Sunday, September 13, 2009

How can we have a terrifying dream?

terrifying dream
Today I was very curious about why we often experience terrifying dreams when we are stressed and preoccupied. I also opened high-wire, the site that provides many medical journals. Here is a quote from one of the journals that explain why we can have nightmares.

Studies have shown that various limbic structures are differentially active during dreaming. Maquet et al. used positron emission tomography (PET) and statistical parametric mapping to ascertain which structures are active during REM sleep. Using 30 healthy, right-handed males, they demonstrated that, over three nights of observed sleep, the hippocampus was relatively inactive, whereas the cingulate gyrus and, especially, the amygdaloid complex demonstrated increased cerebral blood flow and elevated EEG activity. Braun et al. also used PET data, with 10 healthy male subjects, to determine that limbic and paralimbic structures are highly active during REM sleep. Amygdalofugal pathways to the right parietal operculum, entorhinal cortex, thalamic nuclei, dorsal mesencephalon, and pontine tegmentum were also found to be activated during REM sleep. These areas, in addition to the visual association cortices, were suggested to function as a "closed unit" during REM sleep.

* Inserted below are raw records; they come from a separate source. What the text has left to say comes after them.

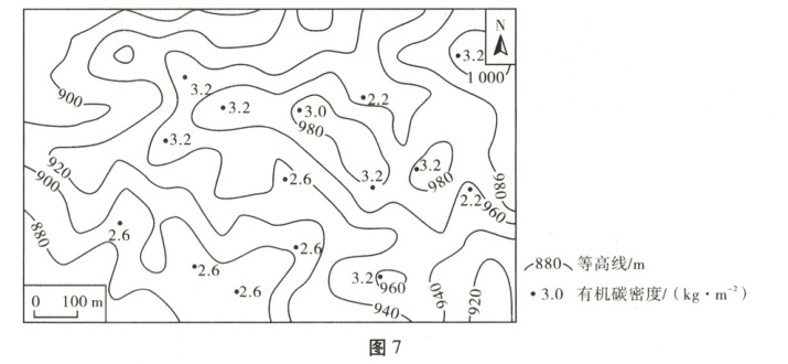 土壤有机质包括腐殖质、生物残体等,大多以有机碳的形式存在。土壤有机碳密度是指单位面积内一定深度的土壤有机碳储量。海南岛某自然保护区内保存着较完整的热带山地雨林,此地常受台风影响。图7示意该保护区内一块样地的地形及该样地内部分点位土壤表层(0—10厘米)的有机碳密度(单位:kg·m⁻²)。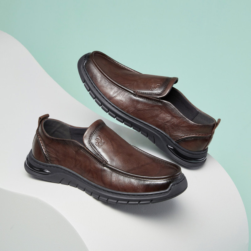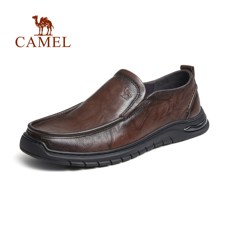 骆驼2025夏季真皮软底乐福舒适手抓纹套脚商务正装休闲男皮鞋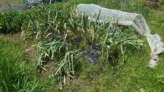 土曜日は1日中雨雨が止んだ日曜日サトイモ畝の周りは水溜まりやっと芽が出てきた、あとはショウガの芽がでてくれれば今年初めて植えたズッキーニ大きくなってきた、植える間隔間違えたかも収穫時期のニンニクだが、雨後なので収穫出来ず1本だけ収穫してみたら結構いい感じこの時期の葉物は花芽が出来るの早いねトウモロコシは一気に大きくなってきた間に植えた枝豆は摘心しておいたトマトも大きくなってきた脇芽取り忘れてたら大きくなってた
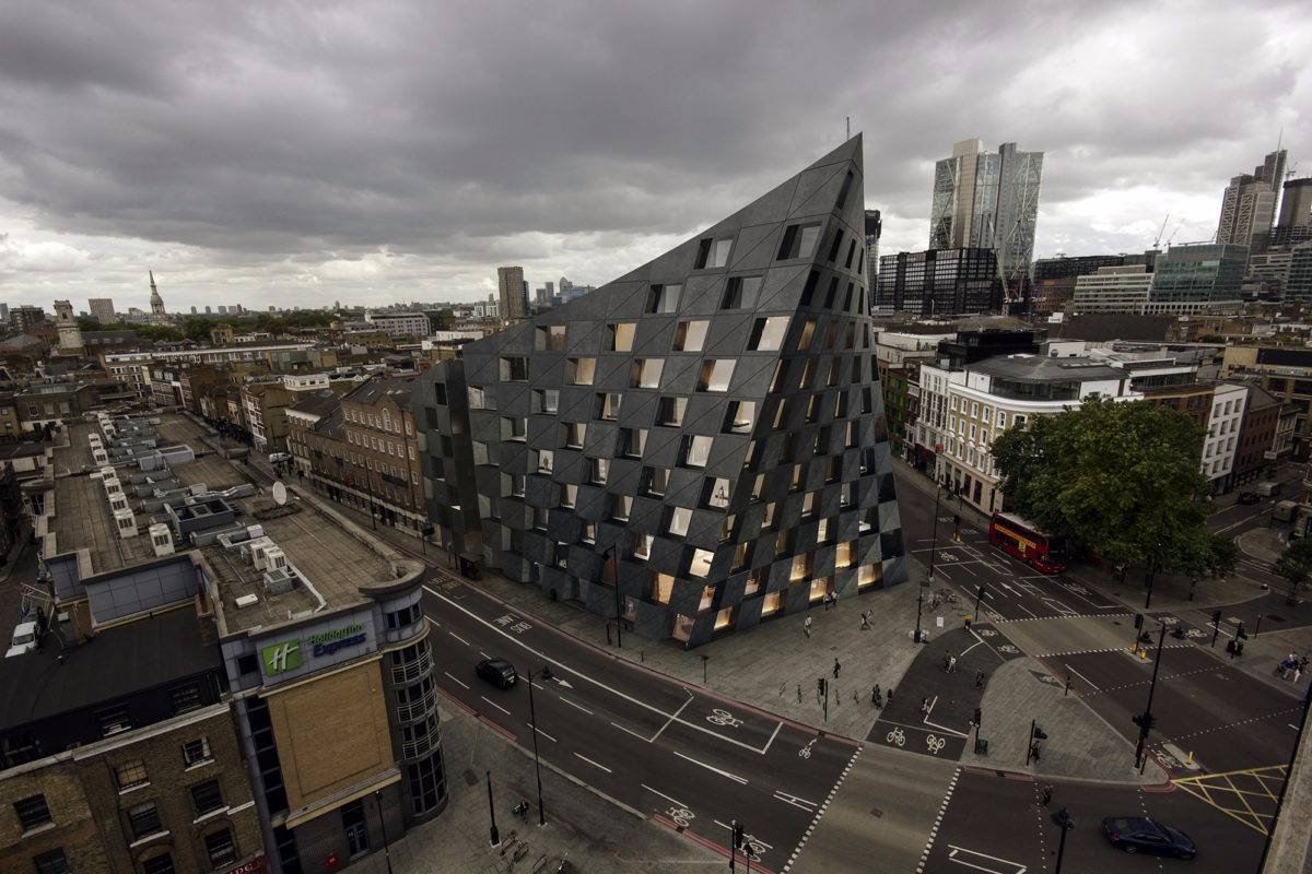 AQSO arquitectos事務(wù)所設(shè)計(jì)的“肖荻奇酒店”位于倫敦東區(qū)大東街和老街標(biāo)志性的十字路口處,造型十分惹眼。穿過(guò)被稱為“硅圓環(huán)”的環(huán)形交通路口后,這條古羅馬街道的西側(cè)做了加寬處理,打開(kāi)了哈格斯頓肖荻奇區(qū)域的大門。這個(gè)交叉路口不僅從城市肌理的形態(tài)學(xué)角度講很重要,它還是這個(gè)古老工業(yè)區(qū)的復(fù)興催化劑。該工業(yè)區(qū)因受到倫敦市正在經(jīng)歷的創(chuàng)意與藝術(shù)繁榮發(fā)展的影響而慢慢發(fā)生蛻變。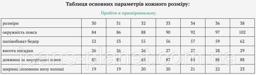 - Більш детальну інформацію про товар і про те, як правильно визначити свій розмір, дивіться на нашому сайті Jeans Planet.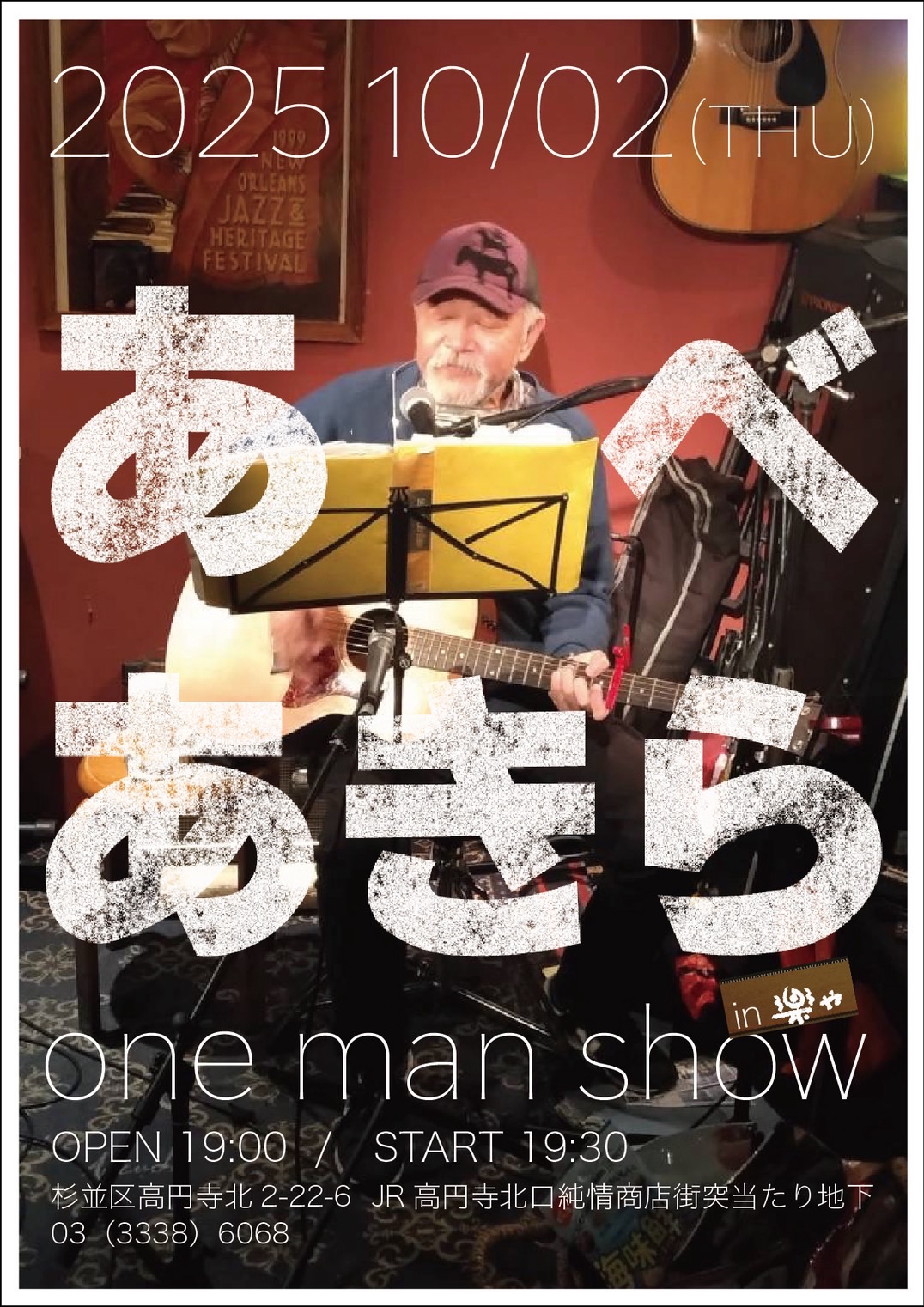 あべあきらライブ@nobiya 長崎県諫早市高城町 オープン:19:00 スタート:20:00
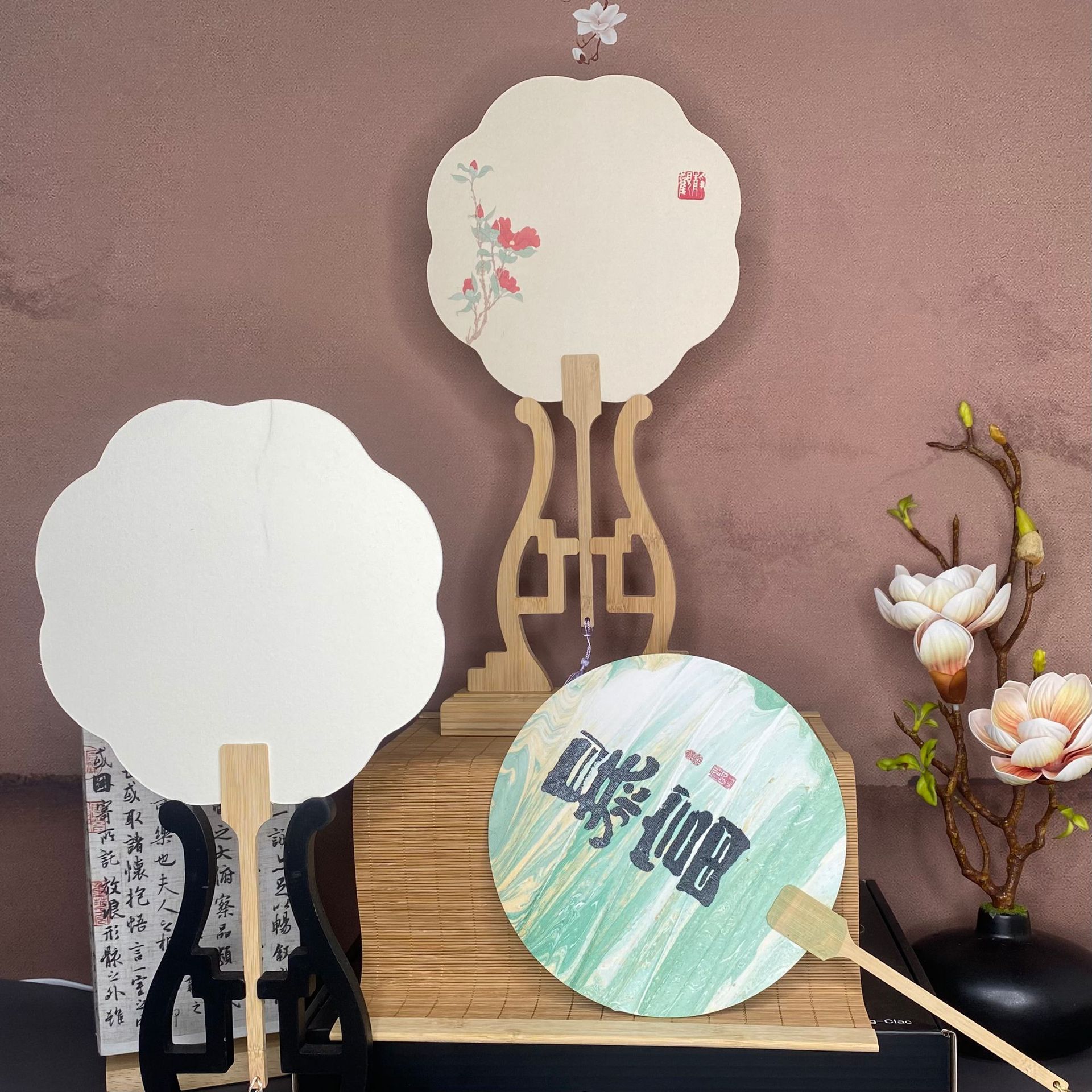 天青閣漆扇半生熟厚さ両面宣紙団扇空白宮扇水彩国画diy書道水墨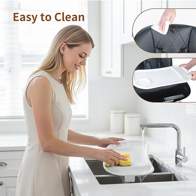 - Easy to Clean: The removable tray and seat cushion make maintenance of the wipeable high chair effortless. Dishwasher safe PP trays and wipeable PU leather cushions ensure that the easy clean high chair is cleaning. This would be the best option for busy families.

In terms of general limbic function, the hippocampus appears to be responsible for the processing of "cool," episodic, explicit experiences, whereas the amygdala is active during emotional activity that is often implicit and tied to conditional fear and aggression responses. It appears that the amygdala and its connections with the hypothalamus and lower brainstem areas become engaged when an individual is under stress. This limbic structure also facilitates the organism's efficiency in processing threatening information and quickly initiates response mechanisms to successfully avoid threat. In other words, the "hot" emotional processing system that is activated during waking hours to assist in the detection of threat is also highly active during REM sleep.

From these quotations, we may conclude that the hippocampus will be activated when we're relaxed and having a pleasant experience. In contrast, the amygdala would be activated when we are in a distressed condition. It turned out that the amygdala activation was still continuing when we're asleep. This is what causes terrifying dreams.

So, how to stop a terrifying dream? Maybe we need to stop dreaming and start action, so we are not afraid anymore!